Even so, the findings suggest that bedside IUS could play a valuable role during a critical period of treatment, when decisions about escalating therapy can have major consequences for patient outcomes.
“IUS may provide valuable, noninvasive information for early identification of corticosteroid resistance and poor short-term outcomes in pediatric ASUC,” the authors concluded. They also noted that incorporation of colonic wall thickness and Milan Ultrasound Score into routine care pathways “may optimize risk stratification, guide timely escalation of therapy, and support clinical decision-making in this vulnerable population.”
No external funding was received for this study. Several authors reported relationships with pharmaceutical and nutrition companies, including advisory board service, research grants, consulting fees, honoraria, royalties, and speaker fees.
Expert Insight
GI & Hepatology News invited Andrew Day, MB, ChB, MD, Cure Kids Chair of Pediatric Research, University of Otago Christchurch, New Zealand, and Conjoint Professor at the University of New South Wales, Sydney, Australia, to comment on the implications of this work.
What new insights does this study provide?
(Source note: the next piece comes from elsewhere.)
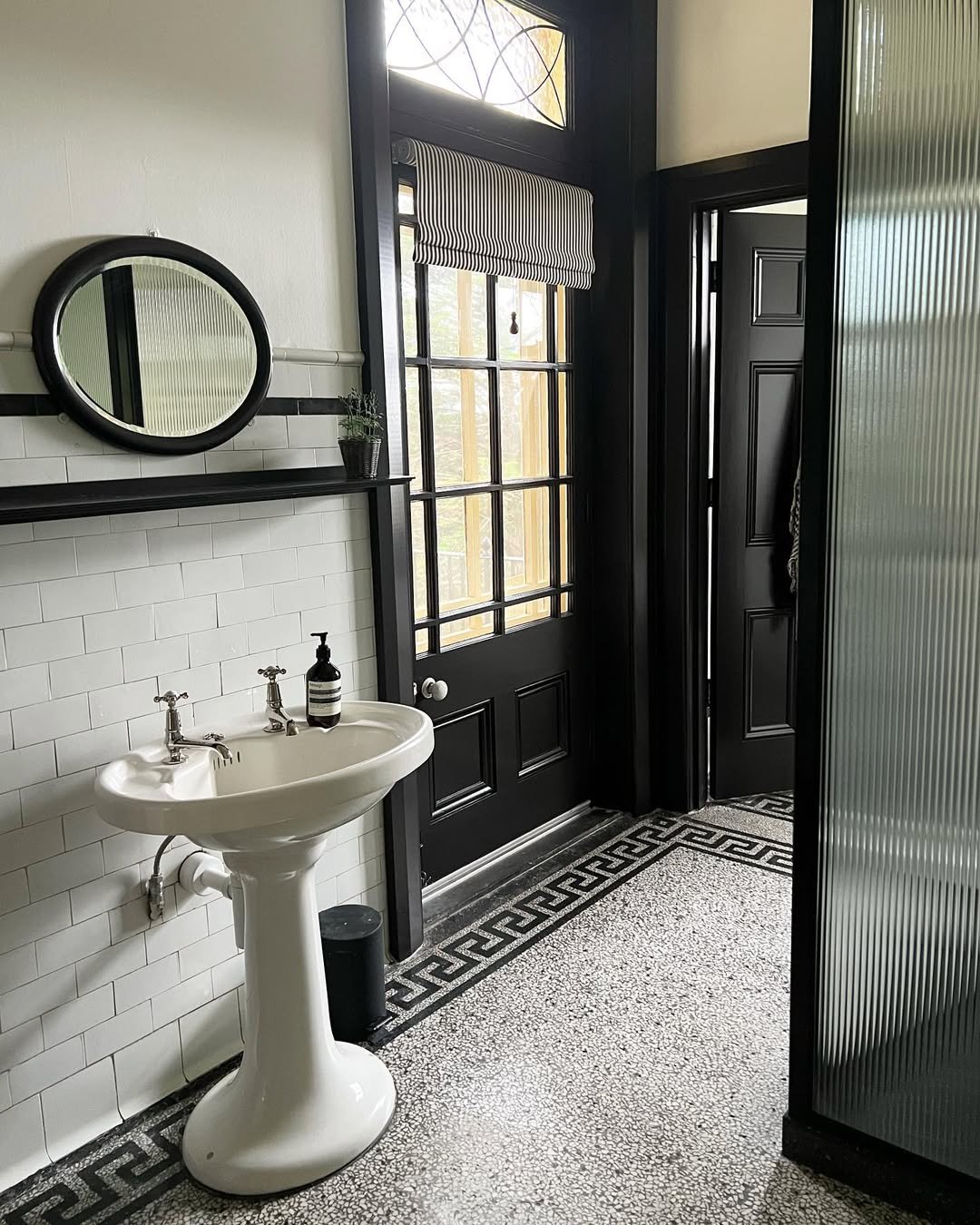 This feels like stepping into a European townhouse. The pedestal sink, the black trim, and that patterned border floor create a look that feels collected over time rather than designed all at once.

Dr. Day: This work is important as it adds to the developing data on the role of IUS in ulcerative colitis, especially in ASUC. IUS has become increasingly recognized as a useful tool in the evaluation of the current status of people with IBD. IUS has particular advantages of being non-invasive and being undertaken at the point of care, with immediate results enabling direct feedback to the patient.
This work indicates that IUS, when employed with clear structure, can assist in the prediction of the response to the initial intervention and to the disease course overall.
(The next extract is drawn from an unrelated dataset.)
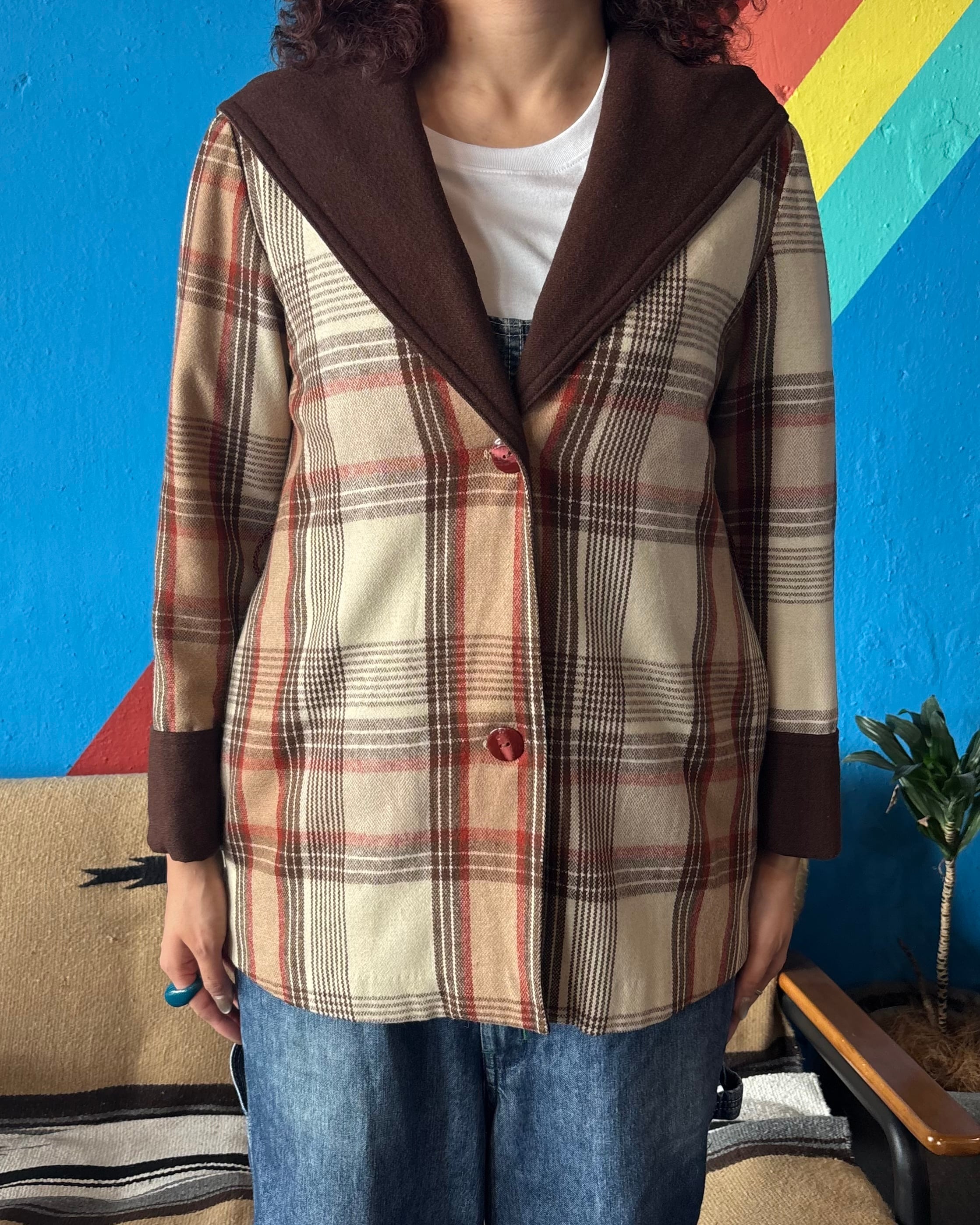1970〜80年代ごろのフード付きチェックライトコートです。

While the development and broad application of the PUCAI tool has led to more standardized approaches to the management of ASUC, with early consideration of second-line therapies if the response to corticosteroids is inadequate, ASUC remains a concerning event with potential adverse outcomes. This report supports the additive value of IUS in the early assessment of the early disease course in these children.
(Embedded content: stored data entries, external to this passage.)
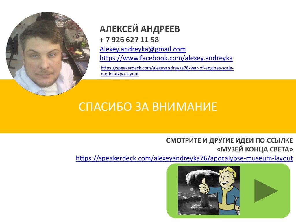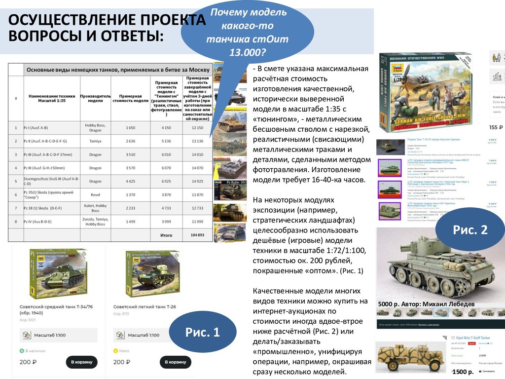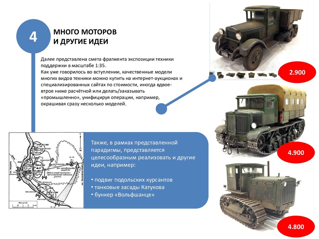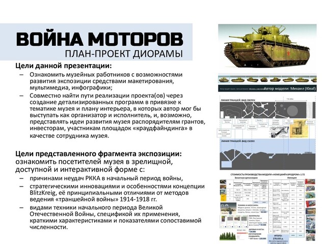 городить, макетировать-анимировать??! - Во-первых, это красиво! Во-вторых, представляется, что современный музей должен в значительной мере учитывать особенности восприятия информации молодыми гаджетизированными поколениями: -"клиповое" восприятие, обусловленное обилием и спецификой информационных источников, - приоритет визуальной, а не вербальной составляющей, отсутствие навыка долговременной концентрации – не тренированы читать, - ожидание развлечения в образовании (термин "Edutainment"(Education+Entertainment) уверенно входит в педагогический обиход). - Что им теперь, мультики показывать? – Да. - Из каких источников планируется финансировать проект(ы)? - Музейные гранты, такие как Фонда Потанина, Военно-Патриотического общества. - Партнёрские программы, например, площадки краудфайндинга (общественного финансирования), - Конкурсы в тематических интернет-сообществах, например, любителей истории и моделистов. - Бюджетные средства, например, Министерства Культуры или Минобороны. Система госзакупок, однако, может осложнить гибкое эффективное осуществление и сделать организацию проекта более трудоёмкой. Из чего складывается стоимость макета? Что влияет на стоимость? - Стоимость материалов, инструментов, сборных моделей, рабочего времени исполнителей, размер объекта (модуля) и степень желаемой детализации. - Городской ландшафт дороже сельского, масштаб моделей техники 1:35 дороже масштаба 1:72, найденная на помойке дверь дешевле изготовленного из фанеры подмакетника.. Остекление, подсветка, не/исполнение заднего фона, не/использование проектора, наличие интерактивных элементов (например, действующей железной дороги или аэродрома). - Проект возможно удешевить без значительной потери качества, проявив изобретательность, например, покупая китайские, а не немецкие кусты и деревья, текстурные панели и листы ПВХ вместо готовых сараев и заборов, используя прибрежный песок и грунт для аквариумных рыбок вместо дорогих «присыпок». Но он всё равно не будет дешёвым и сделанным по-быстренькому.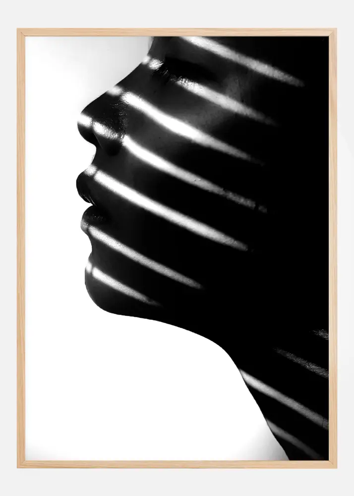 Une affiche étonnante capturant la lumière qui brille sur le visage et le cou d'une femme. Sur un fond blanc, la femme a les yeux fermés. La lumière naturelle qui traverse les volets crée une sensation de chaleur. Une affiche parfaite à accrocher dans un salon de beauté.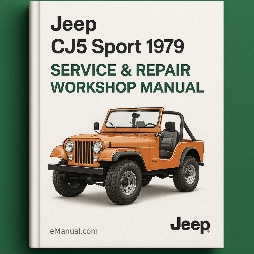 Jeep CJ5 Sport 1979 Service-Reparatur-WerkstatthandbuchJeep CJ5 Sport 1979 Service-Reparatur-Werkstatthandbuch Dies ist das Service- und Reparaturhandbuch für den Jeep CJ5 Sport 1979. Dieses Handbuch enthält umfassende Wartungs- und Reparaturanweisungen, die von Mechanikern auf der ganzen Welt verwendet werden. Alle wichtigen Themen werden vollständig behandelt. Hier...

How might the findings influence clinical practice?
Dr. Day: More units have access to IUS and more practitioners are training in the use of IUS: however, the access to and use of IUS is not universal. The findings of this work could influence clinical practice in the following ways:
More people developing an interest in the use of IUS and undergoing training;
More units (institutions) recognizing the value of IUS and supporting the resources to ensure its availability;
Further studies that confirm and extend the findings of this work, with larger cohorts.
What are the remaining research needs?
Dr. Day: The sample size of the cohort was relatively small, especially in consideration of subgroup analyses. Consequently, extending these evaluations to larger groups and to cohorts of children in further geographical areas would be important. The current cohort included children with various background features (e.g. some with existing disease/some at first presentation; some with oral corticosteroid exposure; some without full endoscopic assessment prior to assessment). While these differences indicate that the group were relatively more severe, they also do raise potential bias.
Further, the study design incorporated the two time points of IUS assessment. This limited the value for some children who needed escalation between the first and second IUS. Further evaluation should consider baseline IUS (at admission/prior to commencing intravenous steroids) and daily repeat assessments.
The results of this work do raise the prospect of the incorporation of IUS into management protocols, potentially in combination with other tools, such as PUCAI, and potentially with biological markers such as calprotectin or other inflammatory markers.
Dr. Day reported having no relevant disclosures.